Russian diplomacy on Monday announced the suspension of a planned meeting between the Russians and the Americans to discuss the possible resumption of their inspections under the New Start treaty on nuclear disarmament. A decision that immediately sparked anger in Washington. “The session of the bilateral advisory committee on the Russian-US START treaty, originally scheduled in Cairo from November 29 to December 6, will not take place on the dates indicated,” the Moscow foreign ministry said, quoted by the TASS agency. “The event has been postponed to a later date,” he added, without giving further details.

The postponement, announced by Russia in a context of maximum tension with the West in the ninth month of Russia’s invasion of Ukraine, drew criticism from the US administration.

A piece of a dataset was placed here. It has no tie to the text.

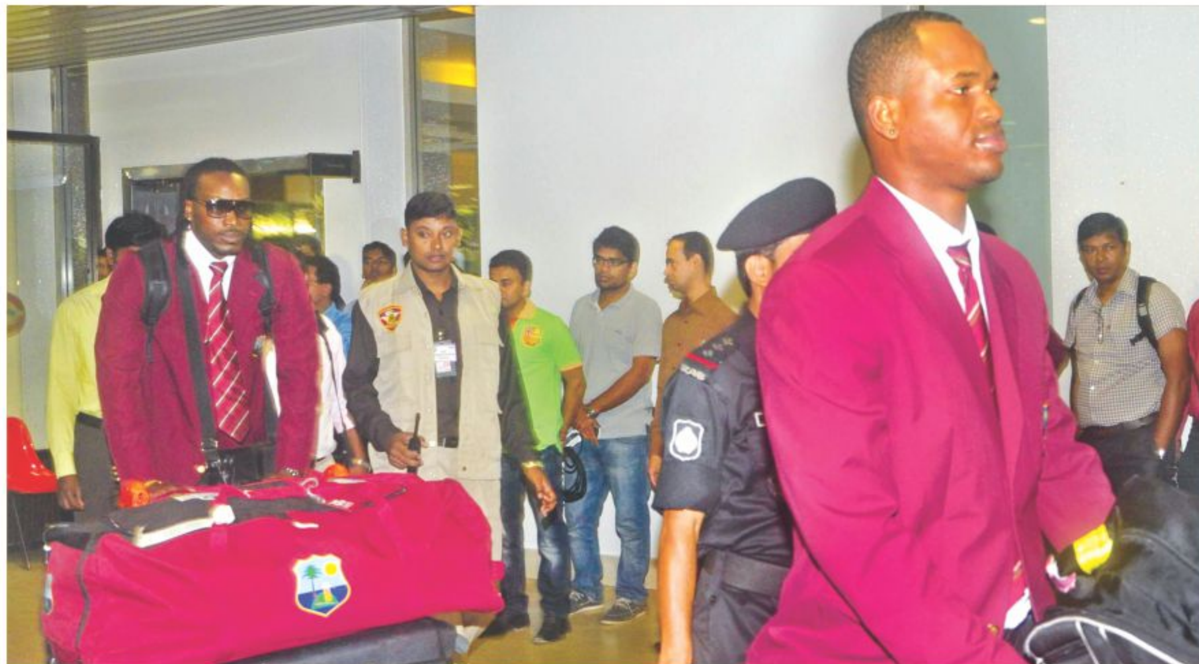
(L) West Indies skipper Darren Sammy gives thumbs up (right) while two of the stars of his side Marlon Samuels (above, R) and Chris Gayle pass through the lobby at the Hazrat Shahjalal International Airport yesterday morning. The World T20 champions came here to play two Tests, five ODIs and a T20I against the hosts.

They are scheduled to begin the tour with a three-day warm-up game at the BKSP against a strong

The Joe Biden administration accused Moscow of having “unilaterally” suspended talks due to begin in Egypt on Tuesday.

As reported by a State Department spokesman to CNN, Russia has limited itself to informing the US that it will be absent from the table and that it will propose a new date for these talks at a later date. In this sense, the aforementioned spokesman stressed that Washington is “ready to reschedule this meeting as soon as possible” as resuming talks is “a priority” to continue counting on the START agreement as an “instrument of stability” . From Russia, the Foreign Ministry has confirmed the adjournment of the meeting, although it has not delved into the matter.

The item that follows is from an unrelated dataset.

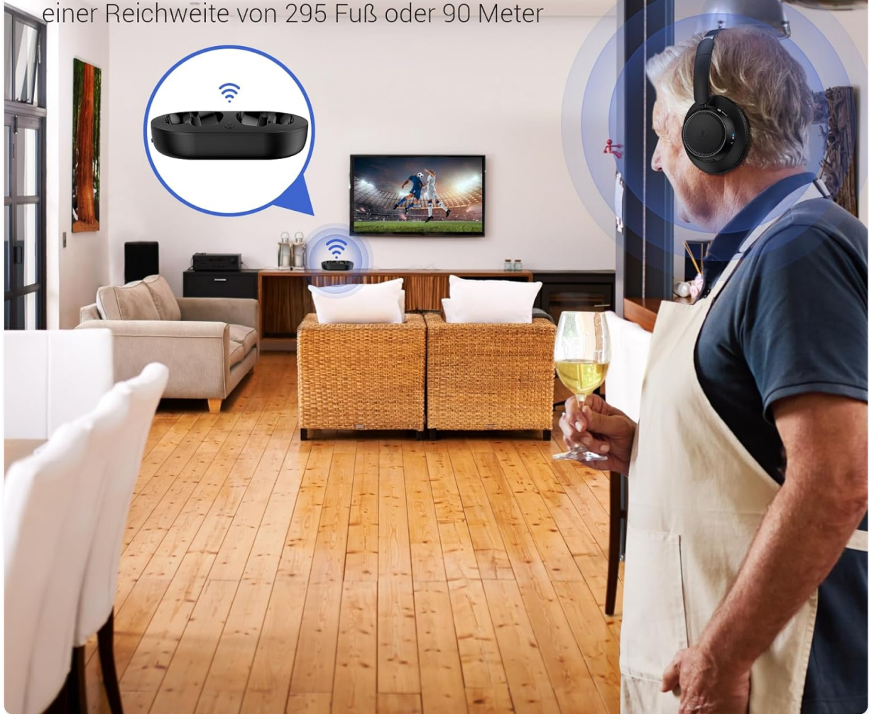
Image: A person wearing the headphones and walking away from a TV, illustrating the extended connection range of up to 90 meters (295 feet) from the transmitter.

Die TV-Kopfhörer spielen hochwertigen Klang mit einer Reichweite von 295 Fuß oder 90 Meter

Washington and Moscow announced in February 2021 the entry into force of a five-year extension of that treaty with the aim of “strengthening the national security of both countries” and ensuring “verifiable limits on intercontinental nuclear weapons”. The START treaty was signed in 1991 by the then leaders of the US and the Soviet Union, George HW Bush and Mikhail Gorbachev. In April 2010, the agreement was replaced by the New START treaty, signed by then-Presidents Barack Obama and Dimitri Medvedev.

White House chief Joe Biden has shown willingness to negotiate a new arms control framework to replace the current pact with Moscow, which expires in 2026 and whose last meeting of that committee dates back to October last year. The New START treaty is the latest bilateral nuclear agreement between the two countries. Signed in 2010, it limits the arsenals of the two powers to a maximum of 1,550 warheads each, which is a reduction of about 30% compared to the previous limit set in 2002. New START also limits the number of launchers and heavy bombers to 800, which is still enough to destroy Earth several times.